**Your objective:**
Once you find the line with "Premier Protein Shake, Cinnamon" in the data below, transcribe exactly each line from there to the line with "RYAN, Paul (b.1964)", inclusive, and nothing else. Drop the pictures.

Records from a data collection
○ ○ ○ ○ ○ ○ ○

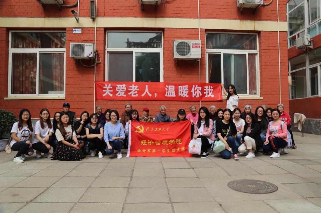 2018年5月5日上午,yl6809永利会计系第一员工党支部开展了红色1+1活动。支部的同学们来到北京市石景山区老年福敬老院关爱老人,同学们到敬老院的时候,恰逢老人们在户外锻炼,晒太阳。支部的同学们便主动为老人们送上了带来的慰问礼物,陪老人们聊聊家常,听老人们唠叨唠叨过去的事,给老人们送去了温暖和关爱。老人们看到充满活力的年轻人,特别的开心,欢声笑语充满了整个院子。欢乐的时光飞逝,全体支部同学和老人们一起合唱歌曲结束了本次慰问活动。
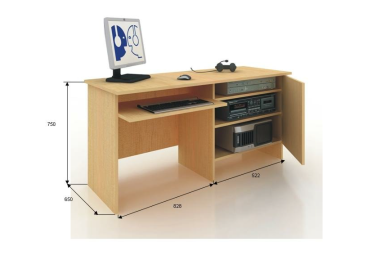 - Компьютерный стол (ЛДСП (16 мм), цвет бук, размеры (ШхГхВ): 1000х600х750 мм). Точка подключения LAN, точка питания (220 В).
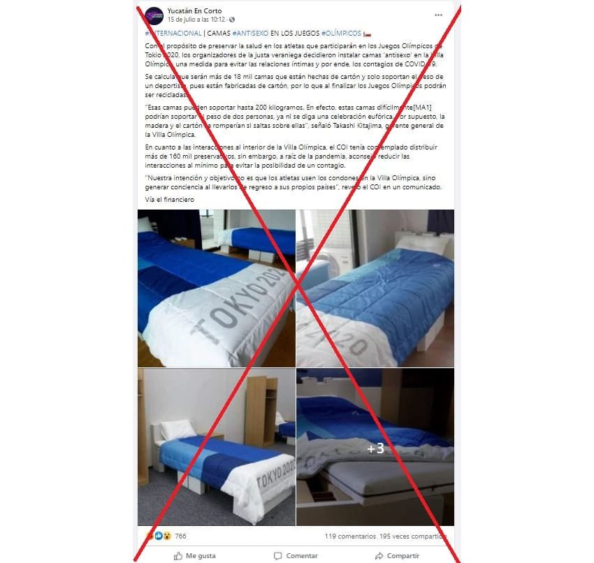 🔊 Escuchar esto Todo fue falso. Las camas sí son resistentes. Y es que desde el 14 de julio pasado han sido compartidas cientos de veces publicaciones en redes sociales sobre las supuestas “camas anti-sexo” hechas de cartón en la Villa Olímpica. Estas supuestas camas “anti-sexo” estaban destinadas, según se compartió, para evitar contagios de Covid-19 durante los Juegos Olímpicos de Tokio 2020. Sin embargo, las camas fueron presentadas meses antes de la detección del virus y soportan unos 200 kilos, según su fabricante y varios atletas demostraron su resistencia, señala la agencia AFP. “Con el propósito de preservar la salud en los atletas que participarán en los Juegos Olímpicos de Tokio 2020, los organizadores de la justa veraniega decidieron instalar camas “anti-sexo” en la Villa Olímpica, una medida para evitar las relaciones íntimas y por ende, los contagios de Covid-19”, decía una de las publicaciones en Facebook y Twitter sobre las camas. LA HISTORIA Hasta el 8 de agosto, Tokio es sede de los Juegos Olímpicos con ausencia de público por la pandemia de Covid-19, la cual causó que la justa deportiva se pospusiera un año. Estas camas fueron presentadas desde en septiembre de 2019, mientras que el virus causante del Covid-19 fue identificado en diciembre de ese año, en China. Por lo tanto, su diseño de cartón no pudo haberse destinado a evitar contagios entre quienes concurrieran a los Juegos Olímpicos. El uso de este material reciclable en la fabricación de las camas se debe al deseo de organizar un evento sustentable, dijo a la AFP Takashi Kitajima, gerente general de la Villa Olímpica en enero de 2020. Preferimos no destruir las cosas que construimos, sino continuar usándolas. Esto es fundamental para ofrecer sustentabilidad”, dijo. Un representante de Airweave, la empresa que fabricó las camas, dijo a la AFP que aguantan hasta 200 kilos: “Hemos realizado pruebas, como lanzar peso en las camas. (…) Mientras haya solo dos personas en la cama, deberían ser lo suficientemente sólidas para soportar la carga”. PRUEBA SUPERADA Algunos atletas incluso ya probaron las camas. El gimnasta irlandés Rhys McClenaghan publicó un video en Twitter en el que salta sobre la cama, demostrando su resistencia y responde a los rumores sobre la fragilidad de las estructuras: “Eso no es cierto, son noticias falsas”. Christian Klaue, director de Comunicaciones Corporativas y Relaciones Públicas del Comité Olímpico Internacional (COI), compartió el video del atleta y dijo: “El @iocmedia recibe muchas preguntas sobre las camas de cartón sustentables de la Villa Olímpica. @McClenaghanRhys las puso a prueba. Aquí vamos”. En el mismo sentido, el jugador de voleibol Douglas Souza, de la selección brasileña, también compartió un video en el que aparece bailando samba sobre una de las camas de cartón. (Foto: Tomada de la agencia AFP) Compartir
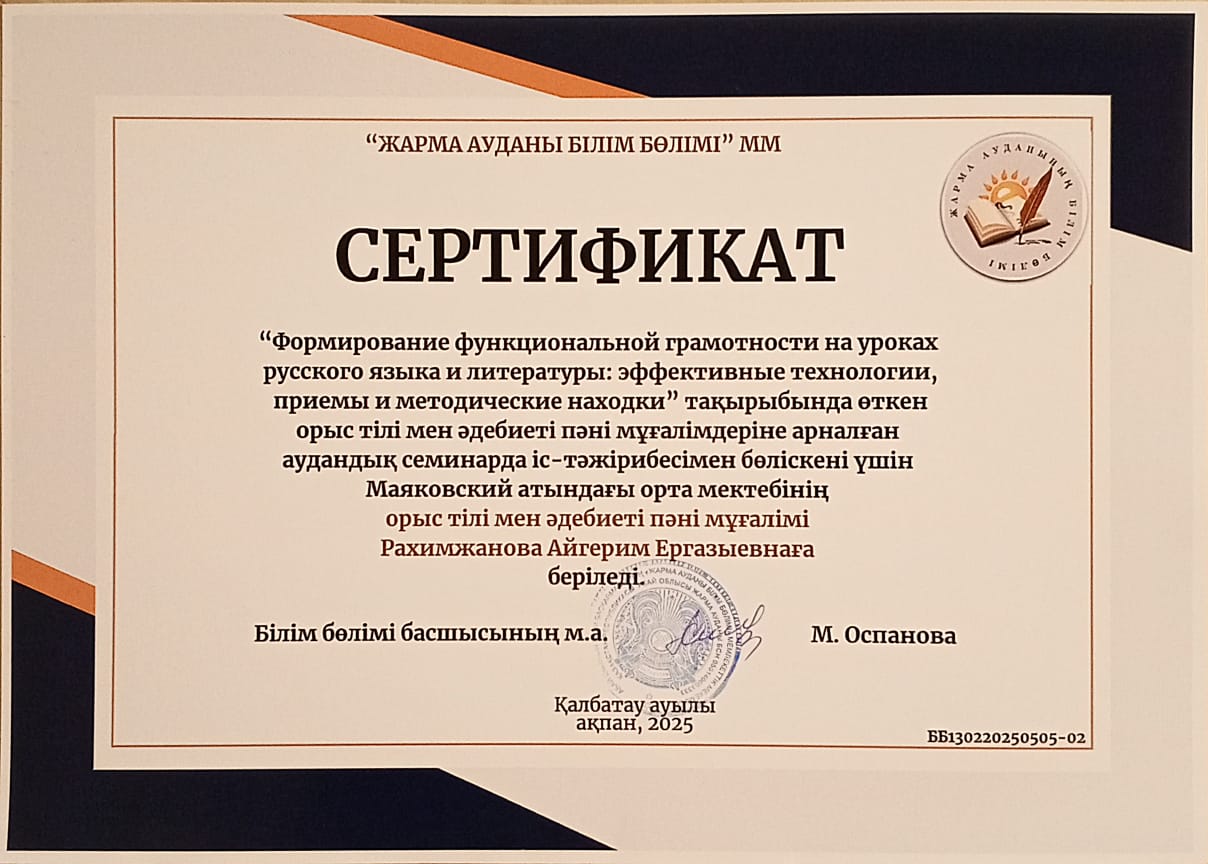 📌Орыс тілі мен әдебиеті сабақтарында оқушылардың функционалдық сауаттылығын қалыптастыру және мұғалімнің шеберлігін арттыруда әртүрлі әдіс-тәсілдерді қолдану мақсатында өткен семинарға мектебіміздің орыс тілі мен әдебиеті пәні мұғалімі РАХИМЖАНОВА АЙГЕРИМ ЕРГАЗЫЕВНА қатысып, өз іс-тәжірибесімен бөлісіп қайтты.
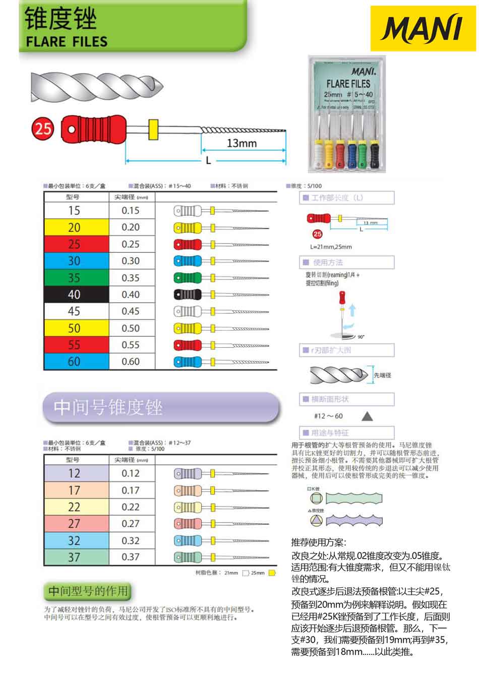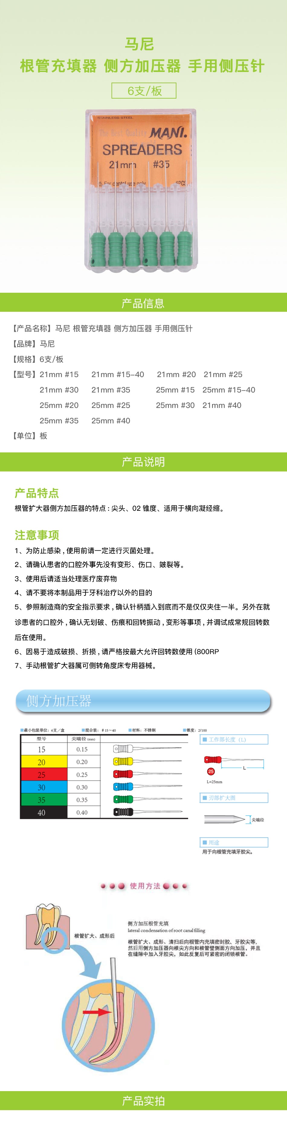 MANI root canal filling instruments/lateral condensers 02 taper 6 pieces/box 21mm #15
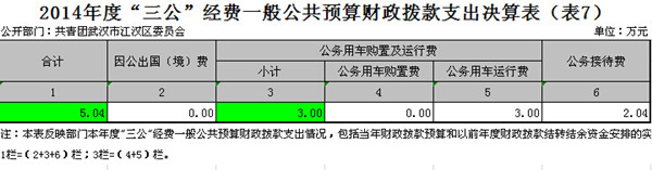 2014年度“三公”经费财政拨款支出决算为5.04万元。
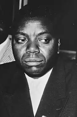 A member of the Lunda ethnic group, Tshombe was born near Musumba, Belgian Congo, the son of a successful businessman. The Tshombe family were Lunda royalty and a number of Tshombes had reigned as the Mwaant Yav, the traditional king of the Lunda people.[1] He received his education from an American missionary school and later trained as an accountant. In the 1950s, he took over a chain of stores in Katanga Province, which failed. Tshombe ran a number of businesses, which all failed, requiring his wealthy family to bail him out. Tshombe later became involved in politics.[2]
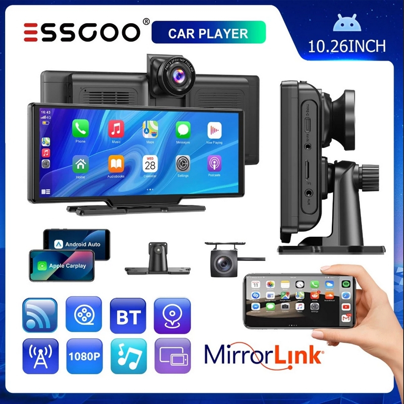 ESSGOO 10.26 polegadas carro gravador de condução sem fio Apple Carplay & Android-auto & Mirror link rádio do carro multimídia dois câmera player
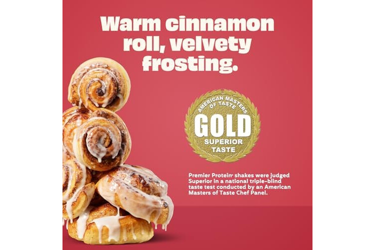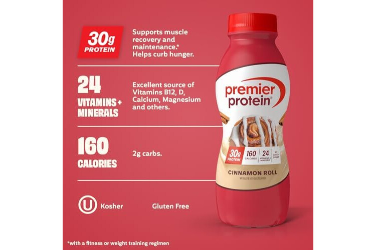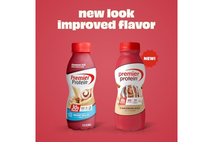 Premier Protein Shake, Cinnamon Roll, 30g Protein, No Added Sugar, 24 Vitamins & Minerals to Support Immune Health, 11.5 fl oz, 12 Pack
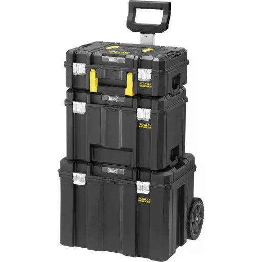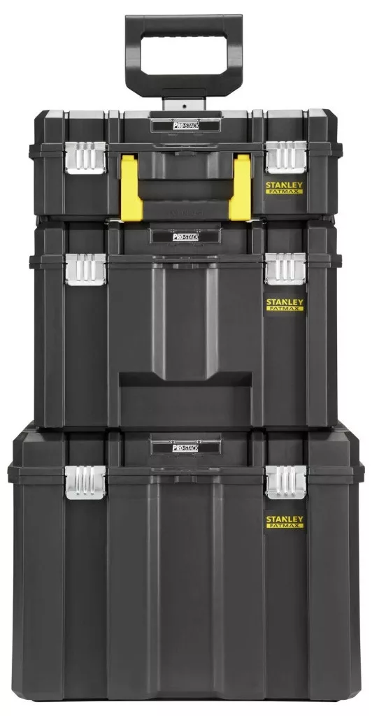 Három PRO-STACK™ szerszámosláda kombinációja fémzárral: PRO-STACK™ II szerszámosláda (habbetét nélkül), PRO-STACK™ VI és a PRO-STACK™ mobil szerszámosláda robusztus, nagy teherbírású kerekekkel és teleszkópos fogantyúval
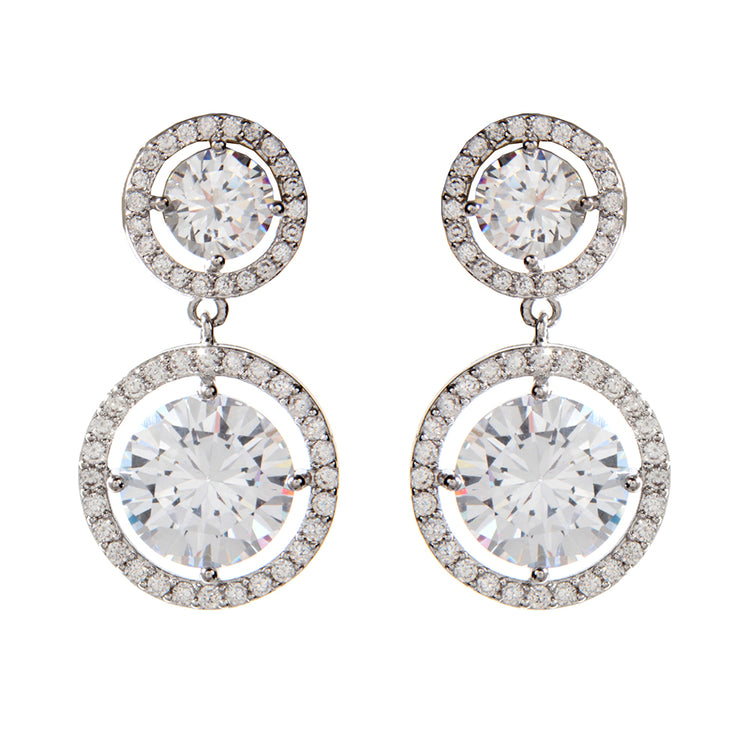 Silver tone brass earrings with Cubic Zirconia. Closure: Post. Measurements: Length: 1.25" x Width: 0.6"
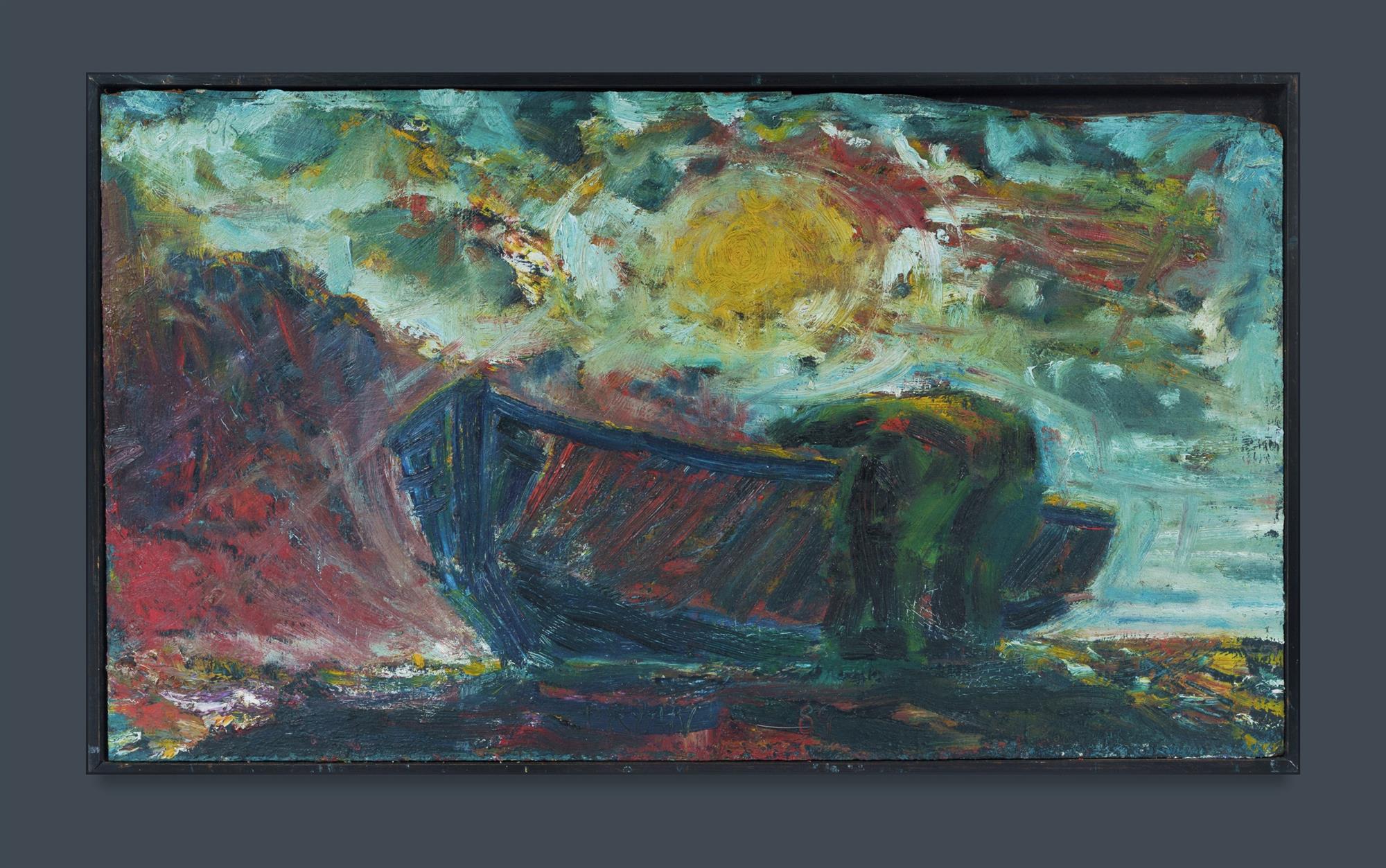 RYAN, Paul (b.1964) 'Fisherman V,' 1989. Signed lower centre. Oil on Board 25x45.5cm EXHIBITIONS: DC-Art, Sydney, 20th March - 17th April 1990 (label verso, #1079). Exhibition card included.Estimate $250-450
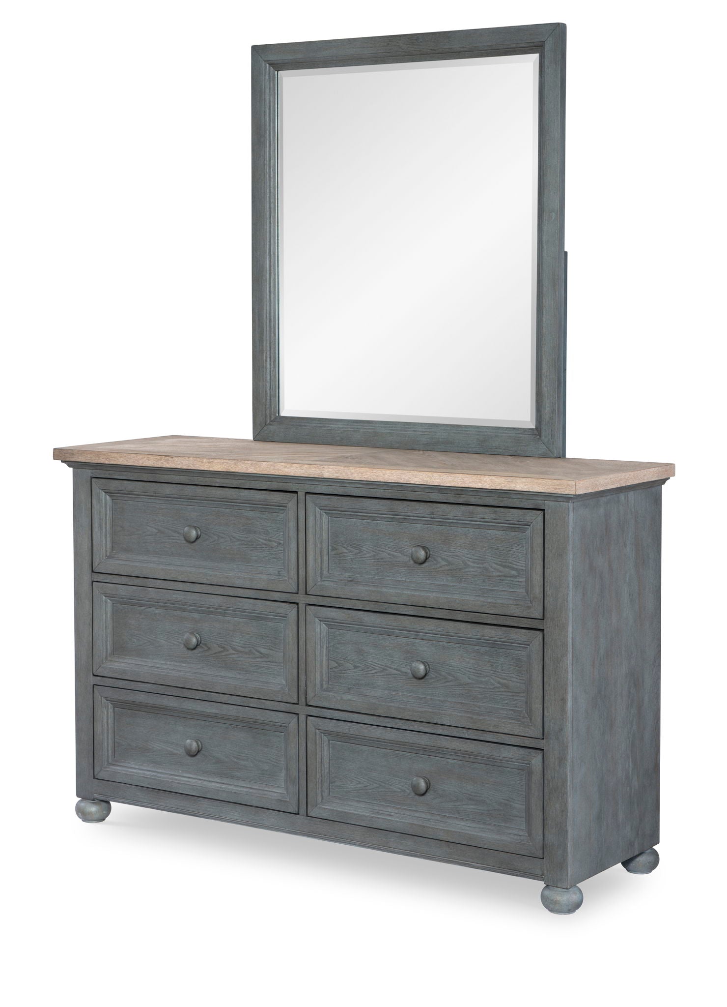 Beautifully crafted and versatile,, Cone Mills is a country inspired bedroom collection offering several options for sleep,, study and storage. Rustic finishes,, clean lines,, heavy framed drawer fronts,, ball feet and thick tops combine to create a substantial feel with a cozy and relaxed tone. The Distressed Denim finish on frames and hardware,, along with the Stone Washed tops add subtle contrast and elevates the timeless styling.
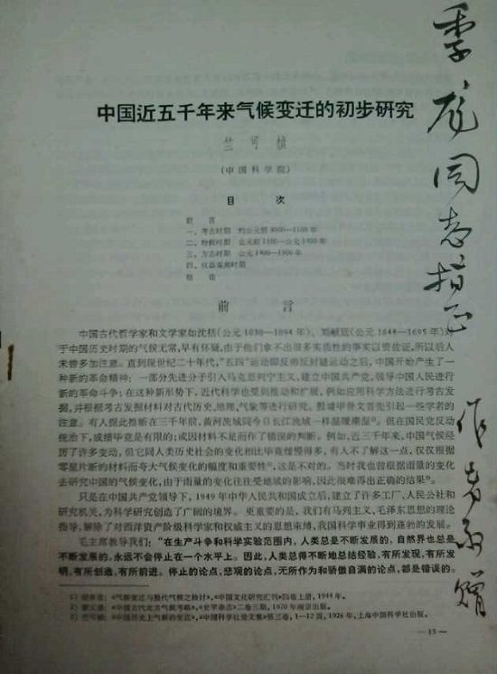 《中国近五千年来气候变迁的初步研究》是历史气候研究中的经典之作,也是历史学领域内最为人熟知的历史气候论文,可能没有之一。
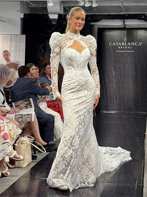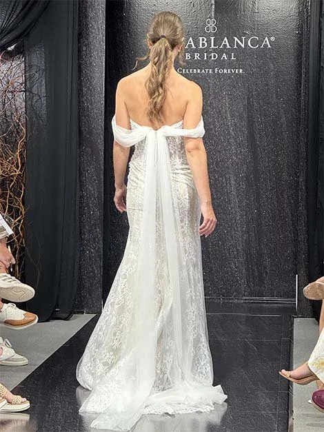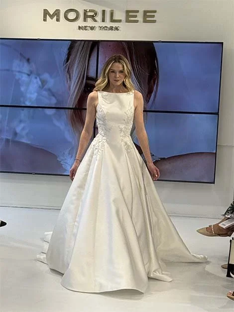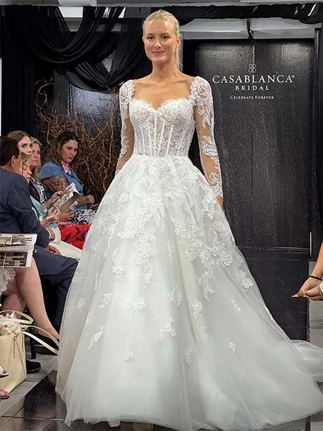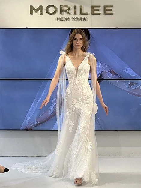 We just returned from our biannual buying trip to Chicago Bridal Market, and our cheeks hurt from smiling sooo much! Don’t get us wrong, we still very much love our minimalist dresses (and brides), but who doesn’t love a fairy tale? And that’s exactly what we were walking through at market day after day. And it wasn’t just a princess or two here or there; it was runway after runway full of princess brides from just about every genre you can dream up. There were warrior princesses with armor-like corsets, fairy princesses dressed in flowers, and even homages to real-life princesses of today, like Kate. These new gowns will be arriving in-store beginning in January, but we won’t keep you in suspense until then. Here are the specific trends we saw on the runway and what you can expect to see more of for 2026.
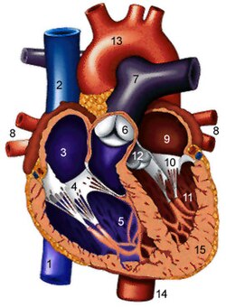 1.yuxarı boş vena – (lat. vena cava superior), 2.aşağı boş vena – (lat. vena cava inferior), 3. Sağ qulaqcıq – (lat. Atrium dextrum), 4.üçtaylı qapaq – (lat. valva atrioventricularis dextra s. tricuspidalis (valvula tricuspidalis – BNA)), 5. Sağ mədəcik – (lat. Ventriculus dexter), 6.ağciyər kötüyü qapağı – (lat. valva trunci pulmonalis (valvulae semilunares arteriae pulmonalis – BNA)), 7.ağciyər kötüyü (lat. truncus pulmonalis), 8.sol yuxarı və aşağı ağciyər venaları – (lat. vv. pulmonales superior et inferior sinistrae), 9. Sol qulaqcıq – (lat. Atrium sinistrum), 10.ikitaylı qapaq – (lat. valva atrioventricularis sinistra s. mitralis (valvula bicuspidalis – BNA)), 11.Sol mədəcik – (lat. Ventriculus sinister), 12.aorta qapağı – (lat. valva aortae (valvulae semilunares aortae – BNA)), 13.Aorta qövsü – (lat. Arcus aortae), 14.Aorta – (lat. Aortae), 15. Ürəyin zirvəsi – (lat. Apex cordis)

○ ○ ○ ○ ○ ○ ○

**Finished task:**
 Premier Protein Shake, Cinnamon Roll, 30g Protein, No Added Sugar, 24 Vitamins & Minerals to Support Immune Health, 11.5 fl oz, 12 Pack
 Három PRO-STACK™ szerszámosláda kombinációja fémzárral: PRO-STACK™ II szerszámosláda (habbetét nélkül), PRO-STACK™ VI és a PRO-STACK™ mobil szerszámosláda robusztus, nagy teherbírású kerekekkel és teleszkópos fogantyúval
 Silver tone brass earrings with Cubic Zirconia. Closure: Post. Measurements: Length: 1.25" x Width: 0.6"
 RYAN, Paul (b.1964) 'Fisherman V,' 1989. Signed lower centre. Oil on Board 25x45.5cm EXHIBITIONS: DC-Art, Sydney, 20th March - 17th April 1990 (label verso, #1079). Exhibition card included.Estimate $250-450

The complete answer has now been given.